GitHub's REST + GraphQL Approach

GitHub offers both REST (v3) and GraphQL (v4) APIs. REST is used for simple CRUD operations and is familiar to most developers. GraphQL is available for complex queries (e.g., fetching a repository with its issues, pull requests, and contributors in one request). This dual approach serves different client needs without forcing one paradigm.

Slack's Real-Time Messaging API

Slack uses a combination of REST (for CRUD operations on messages, channels, users), WebSockets (for real-time events), and webhooks (for incoming integrations). Their Events API uses webhooks with a verification handshake, retry mechanism, and rate limiting — demonstrating a mature event-driven API design.

Google's API Design Guide

Google published their API Design Guide which is used across all Google Cloud APIs. It standardizes resource naming, error handling, pagination, and versioning. This consistency across hundreds of APIs means developers who learn one Google API can use any of them.

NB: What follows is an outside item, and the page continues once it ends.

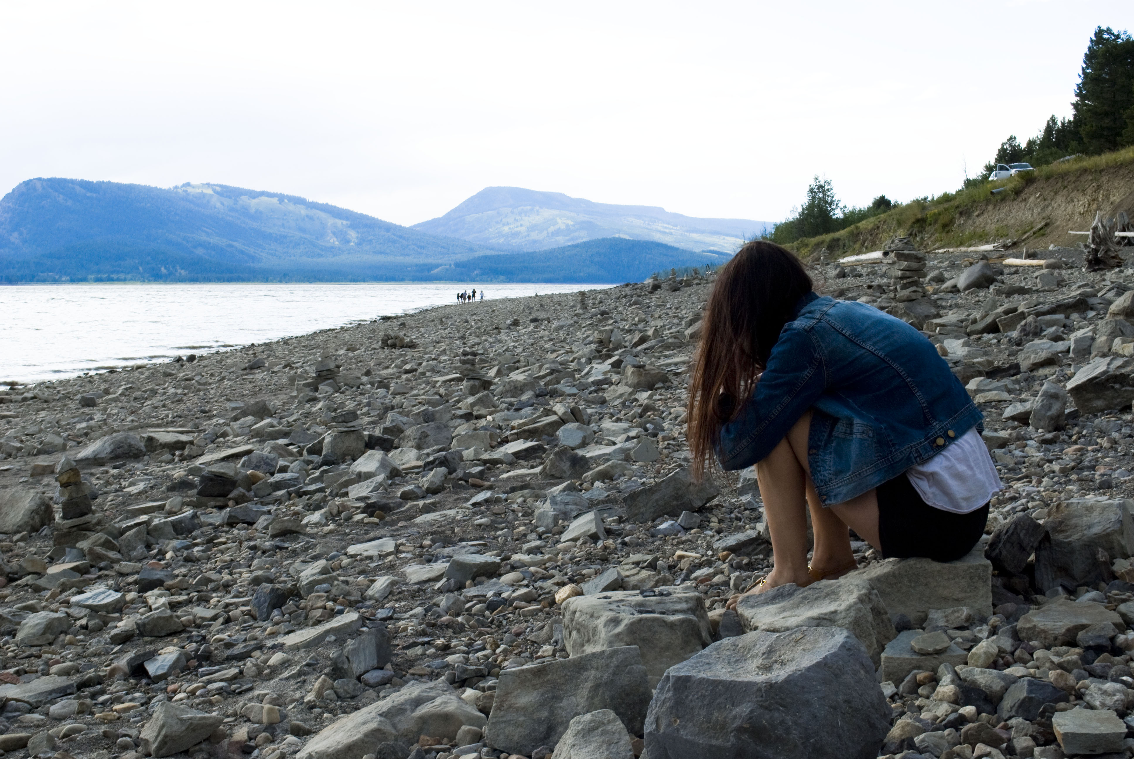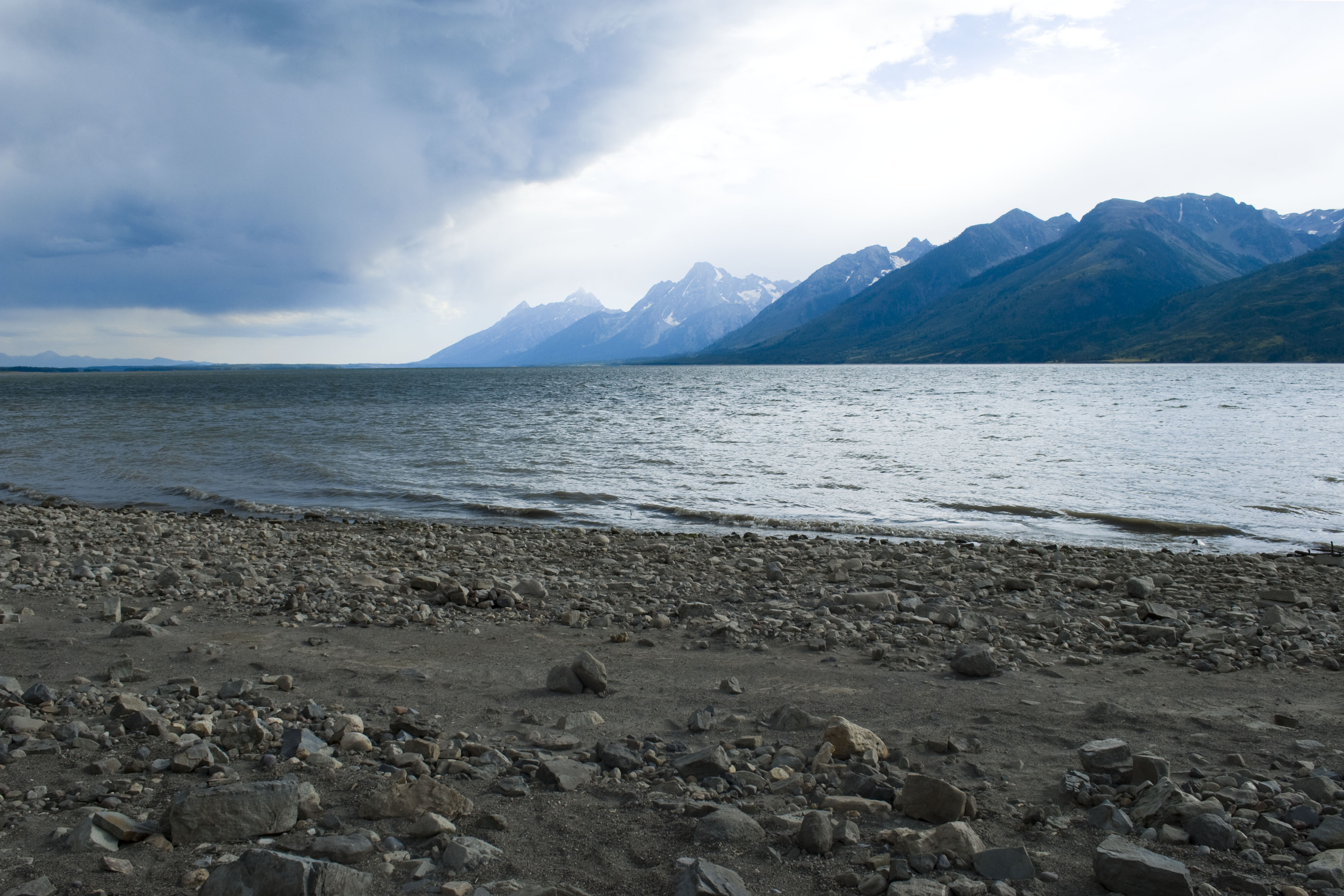 Want to know what outré manners to have with a park's staff? Go to the reception and ask if the weather is always like this. Fortunately: no. A bit unpredictable, changing; lots of blue. And because we're so ill-behaved we though we could use a little sunbathing the next day in Grand Teton, the other park we crossed upon arriving. Such a pleasant experience, provided the place is as lone as you would expect from the far end of a lake shore - hopefully it was.

Common Mistakes & Pitfalls

Inconsistent naming — Mixing camelCase and snake_case, or userId in one endpoint and user_id in another. Pick one convention and enforce it everywhere.
Using POST for everything — Treating the API as RPC (Remote Procedure Call) instead of REST. Use the right HTTP method for the right operation.
Leaking internal implementation — Exposing database column names, internal IDs, or implementation details in the API. The API is a public contract — design it for consumers, not your database schema.
No pagination — Returning all records in a list endpoint. This works with 10 records, crashes with 10 million. Always paginate.
Poor error messages — { "error": "Bad Request" } tells the client nothing. Provide specific, actionable error messages: { "error": "validation_error", "field": "email", "message": "Invalid email format" }.
No rate limiting — A single misbehaving client can take down your API. Always implement rate limiting, even on internal APIs.
Breaking changes without versioning — Removing or renaming a field breaks all existing clients. Either version the API or only make additive changes.

Trade-offs

| Approach | Pros | Cons | |----------|------|------| | REST | Simple, widely understood, cacheable | Over/under-fetching, multiple round trips | | GraphQL | Flexible queries, single endpoint | Complex server implementation, caching is harder | | gRPC | Fast, typed, streaming, code generation | Not browser-native, less human-readable | | Webhooks | Real-time, server-initiated | Reliability complexity, debugging harder | | Strict versioning | Clear contracts, backward compatible | Maintenance burden of multiple versions | | Evolve-only (no versions) | Simple, one codebase | Limits the changes you can make |

When to Use / When Not to Use

REST — use for:

Public-facing APIs consumed by external developers
Simple CRUD operations
When cacheability matters (CDNs, browser caching)
When the team and consumers are most familiar with REST

GraphQL — use for:

Mobile apps with varying screen sizes and data needs
Dashboard UIs that aggregate data from many sources
When over-fetching or under-fetching is a real problem

gRPC — use for:

Internal service-to-service communication
High-throughput, low-latency requirements
Streaming use cases (real-time feeds, file transfers)
Polyglot environments where code generation saves time

Webhooks — use for:

Notifying external systems of events
When polling would be wasteful
Integration platforms and automation workflows

Key Takeaways

Design APIs around resources (nouns), not actions (verbs). Let HTTP methods express the action.
Use HTTP status codes correctly. They're part of the API contract — not just decoration.
Always paginate list endpoints. Cursor-based pagination scales better than offset-based.
REST, GraphQL, and gRPC aren't competing — they serve different use cases. Many systems use multiple protocols.
API versioning is cheaper than breaking existing clients. Stripe's date-based versioning is a proven approach.
Rate limiting is not optional. Every API needs it — even internal ones.
Webhooks need the same engineering rigor as APIs: retries, idempotency, signatures, and event logs.